Prove that for $n \ge 2$ the follow inequality holds $\frac {4^n}{n+1} \lt \frac{(2n)!}{(n!)^2}$. As already shown above I need to prove that $$\frac {4^n}{n+1} \lt \frac{(2n)!}{(n!)^2}\qquad \forall n \ge 2.$$
What I've come up with is the following: 
$\underline{n=2:}\qquad$ $$\frac {16}{3} \lt 6$$
$\underline{n=k:}\qquad $$$\frac {4^k}{k+1} \lt \frac{(2k)!}{(k!)^2}  $$
$\underline{n+1}:$ $$\frac {4^{k+1}}{k+2} \lt \frac{(2(k+1))!}{((k+1)!)^2} $$
 $$\frac{4^k \cdot 4}{k+2} \lt \frac {(2k+2)!}{(k!)^2\cdot(k+1)\cdot(k+1)}$$
$$\frac{4^k \cdot 4}{k+2} \lt  \frac{(k+1)\cdot \ldots \cdot (k + (k-1))\cdot{2k} \cdot (2k+1)\cdot(2k+2)}{(k!)^\require{enclose}\enclose{updiagonalstrike}2\cdot(k+1)\cdot(k+1)}$$
$$\frac{4^k \cdot 4}{k+2} \lt  2 \cdot\frac{\require{enclose}\enclose{updiagonalstrike}{(k+1)}\cdot \ldots \cdot (k + (k-1))\cdot{2k} \cdot (2k+1)\cdot\require{enclose}\enclose{updiagonalstrike}{(k+1)}}{(k!)\cdot\require{enclose}\enclose{updiagonalstrike}{(k+1)}\cdot\require{enclose}\enclose{updiagonalstrike}{(k+1)}}$$
$$\frac{4^k \cdot 4}{k+2} \lt  2 \cdot\frac{{(k+2)}\cdot \ldots \cdot (k + (k-1))\cdot{2k} \cdot (2k+1)}{(k!)}$$
From here on I'm stuck. Can somebody help me please? 
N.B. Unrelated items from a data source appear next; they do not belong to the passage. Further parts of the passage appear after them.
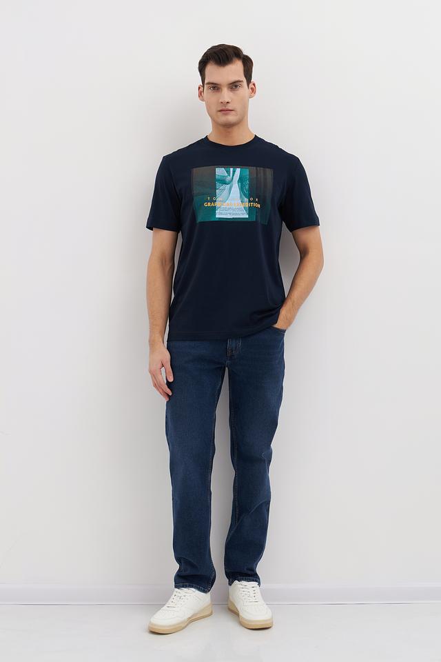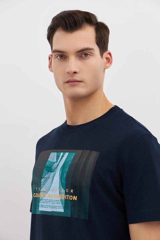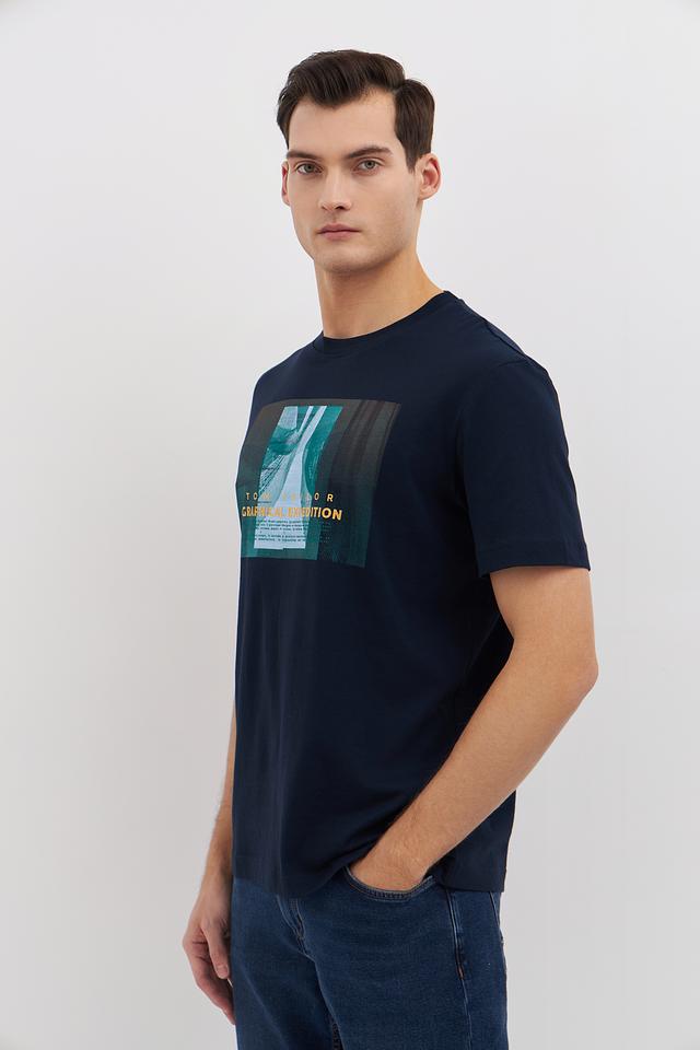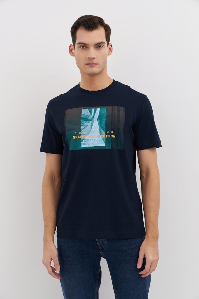 Мужская футболка Tom Tailor Graphic Edition тёмно-синего цвета с ярким графическим принтом на передней части. Изготовлена из 100% хлопка, обеспечивающего комфорт и воздухопроницаемость. Состав: хлопок 100%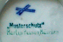 Early penned "hash" mark + Musterschutz, Mark dated 1880 - 1906. Complete with vendor's mark " Martin Pauson, München".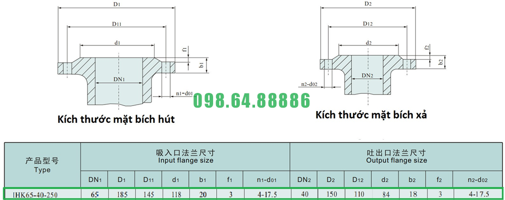 Kích thước mặt bích của máy bơm nước li tâm trục ngang cánh hở IHK65-40-250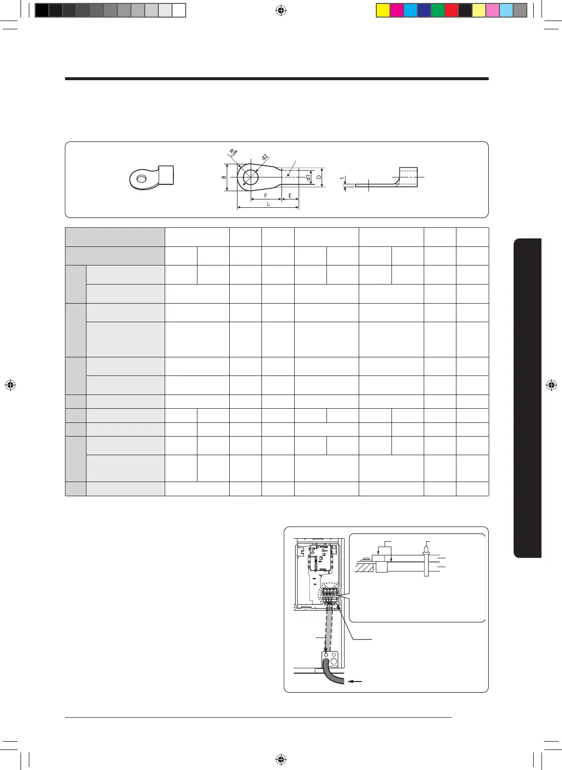 • Select a solderless ring terminal for a power cable according to the nominal dimensions for cable.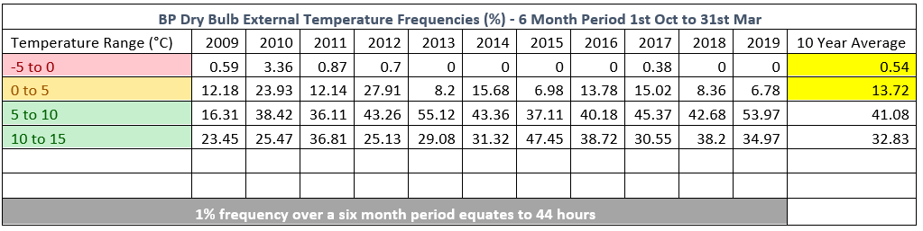The table I collated below disputes the ‘doesn’t often drop below 5°C’ assertion, over a 10 year average from onsite external temperature data it can be shown that for approximately 14.26% of a six month period the external temperature will drop below 5°C. The passive fabric heating effects of a LTHW system cannot be relied upon to maintain the buildings usual thermal mass, the rooms could haemorrhage heat due to infiltration and the current solution cannot remedy this at night time. Rather than trusting in belated heat loss calculations I believe it will be necessary to carefully monitor the rooms heat retention capabilities via existing temperature monitors and we should be prepared to upscale/adjust the heating solution (or relax certain constraints if possible) where necessary.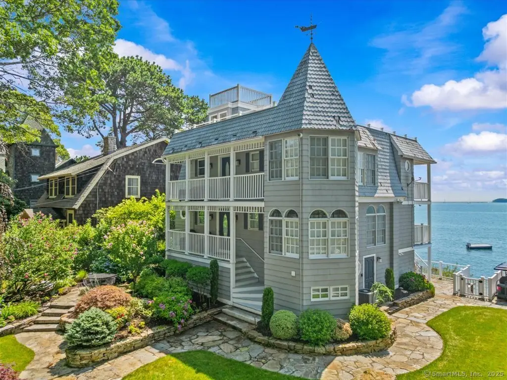 Spectacular waterfront estate! Unparalleled views of Long Island Sound & Duck Island + your own private sandy beach with 72' of frontage! 61 Grove Way is on the market for the first time in 29 years! Stately Victorian exterior aesthetic, designed to maximize the experience of waterfront living on every level of the home. Spacious open-concept remodeled interior living spaces blend elegance with functionality. State-of-the-art kitchen w/ heated floors, granite counters, gas range, high-end appliances, large island & sunny turret breakfast nook is a natural gathering place. Open Living/Dining Area w/ hardwood floors, floor-to-ceiling glass walls & large sliding doors allow sunlight to flood every corner while providing uninterrupted vistas of the shimmering water. Expansive covered decks extend from the house creating outdoor living spaces perfect for lounging, entertaining, or simply soaking in the serenity of the setting. Upper level offers 3 bedrooms designed as personal retreats. Master suite w/ glass sliders to water-facing balcony and bathroom w/ heated floor, stall shower & double sinks. Second bedroom also w/ glass sliders to share the covered deck. This level includes a 3rd bedroom, a cozy turret sitting room & front-facing covered deck. Ascend to the 3rd level for exquisite views of Long Island Sound from the rooftop terrace. Lower level is an entertainer's dream w/ Rec/Playroom, Full bath & laundry room + Event Kitchen offering storage galore! Lower level walks out to flagstone patio w/ outdoor kitchen, hot tub & al fresco dining areas, overlooking your private beach. Fabulous setting to be enjoyed year-round w/ space & a place for everyone! Professionally landscaped grounds with irrigation system. Swimming platform installed 2024 & associated mooring included with property. Member of Grove Beach Improvement Association. Year built states 1898 but was completely renovated in 1990.

 A: For $k+1$ it is equivalent to
$$
\frac{4^k}{k+1}<\frac{(2k+1)(k+2)(2k)!}{2(k+1)^2(k!)^2}$$
It is enough to prove that
$$\frac{(2k+1)(k+2)}{2(k+1)^2}>1$$
Notice that the above fraction is monotonically decreasing and its limit at $k\to\infty$ is $1$, therefore it is always greater than $1$.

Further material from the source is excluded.